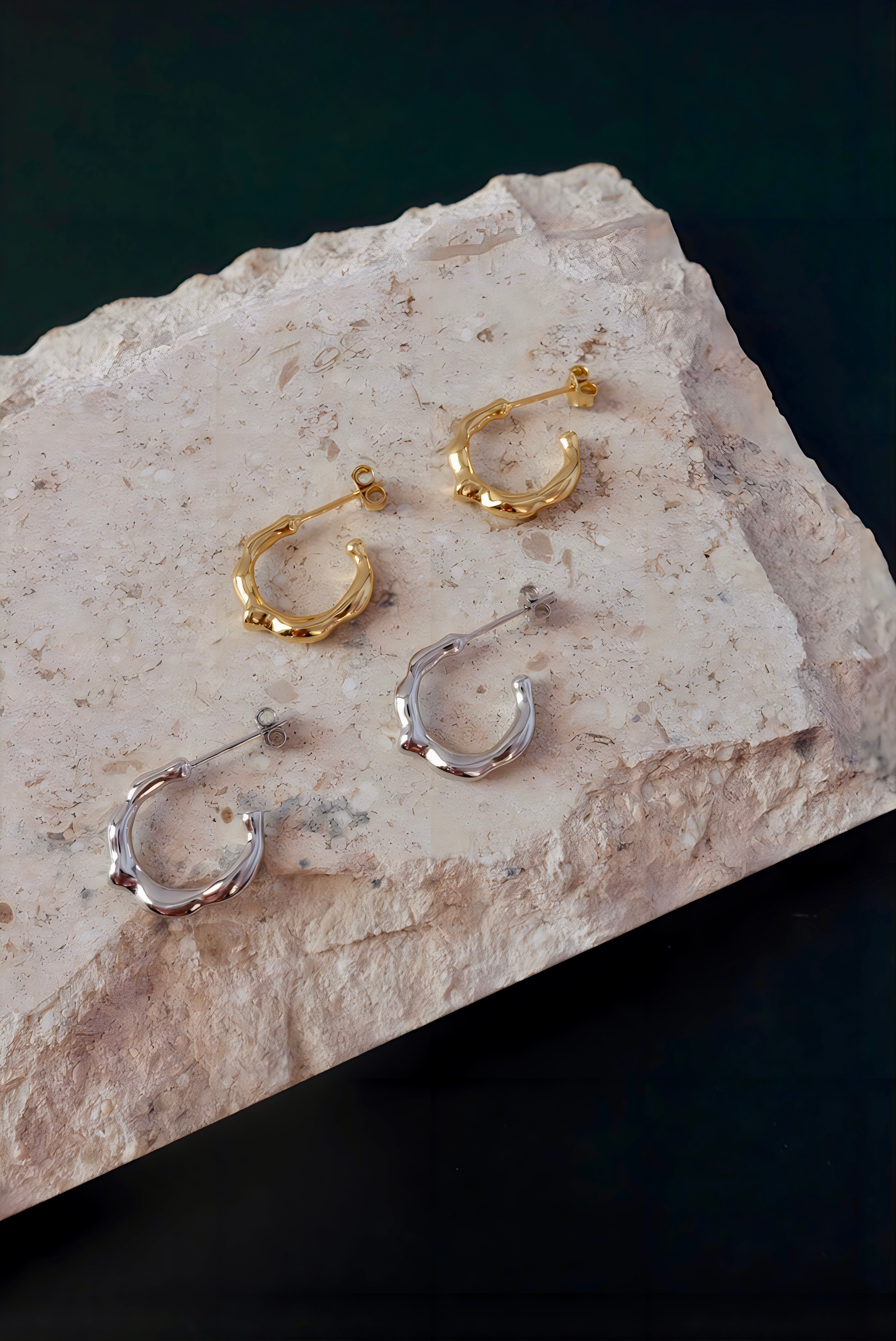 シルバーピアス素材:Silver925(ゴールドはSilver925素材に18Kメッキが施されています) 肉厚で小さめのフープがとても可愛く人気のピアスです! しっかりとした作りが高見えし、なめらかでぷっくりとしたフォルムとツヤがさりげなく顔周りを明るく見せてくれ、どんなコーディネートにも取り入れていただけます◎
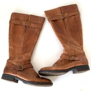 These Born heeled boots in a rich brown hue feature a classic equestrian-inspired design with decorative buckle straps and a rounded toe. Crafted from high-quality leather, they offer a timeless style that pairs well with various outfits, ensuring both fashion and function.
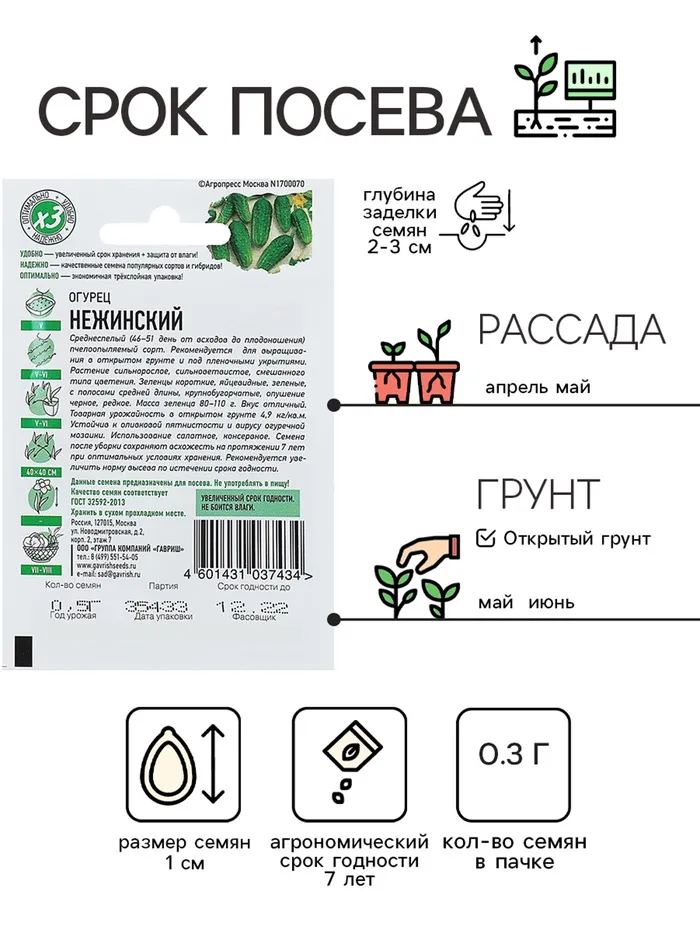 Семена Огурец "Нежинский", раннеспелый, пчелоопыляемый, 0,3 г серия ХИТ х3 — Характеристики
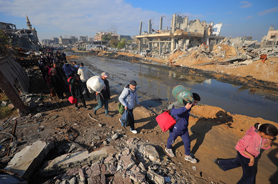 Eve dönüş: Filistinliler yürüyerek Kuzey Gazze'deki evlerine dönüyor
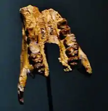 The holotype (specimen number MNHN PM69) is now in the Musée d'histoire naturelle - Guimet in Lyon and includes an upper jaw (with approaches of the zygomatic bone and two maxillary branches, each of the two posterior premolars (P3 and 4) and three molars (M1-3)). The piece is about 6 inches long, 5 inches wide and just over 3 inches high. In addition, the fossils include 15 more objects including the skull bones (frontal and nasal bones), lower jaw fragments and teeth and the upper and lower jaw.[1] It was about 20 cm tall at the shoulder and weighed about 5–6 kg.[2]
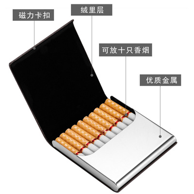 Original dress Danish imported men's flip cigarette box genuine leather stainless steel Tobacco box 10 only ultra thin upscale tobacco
:::
§ EXERCISE PROMPT
At the line containing "The holotype (specimen", begin reproducing the entries word for word, and continue through their last line. Leave out the pictures.

§ REPLY
 The holotype (specimen number MNHN PM69) is now in the Musée d'histoire naturelle - Guimet in Lyon and includes an upper jaw (with approaches of the zygomatic bone and two maxillary branches, each of the two posterior premolars (P3 and 4) and three molars (M1-3)). The piece is about 6 inches long, 5 inches wide and just over 3 inches high. In addition, the fossils include 15 more objects including the skull bones (frontal and nasal bones), lower jaw fragments and teeth and the upper and lower jaw.[1] It was about 20 cm tall at the shoulder and weighed about 5–6 kg.[2]
 Original dress Danish imported men's flip cigarette box genuine leather stainless steel Tobacco box 10 only ultra thin upscale tobacco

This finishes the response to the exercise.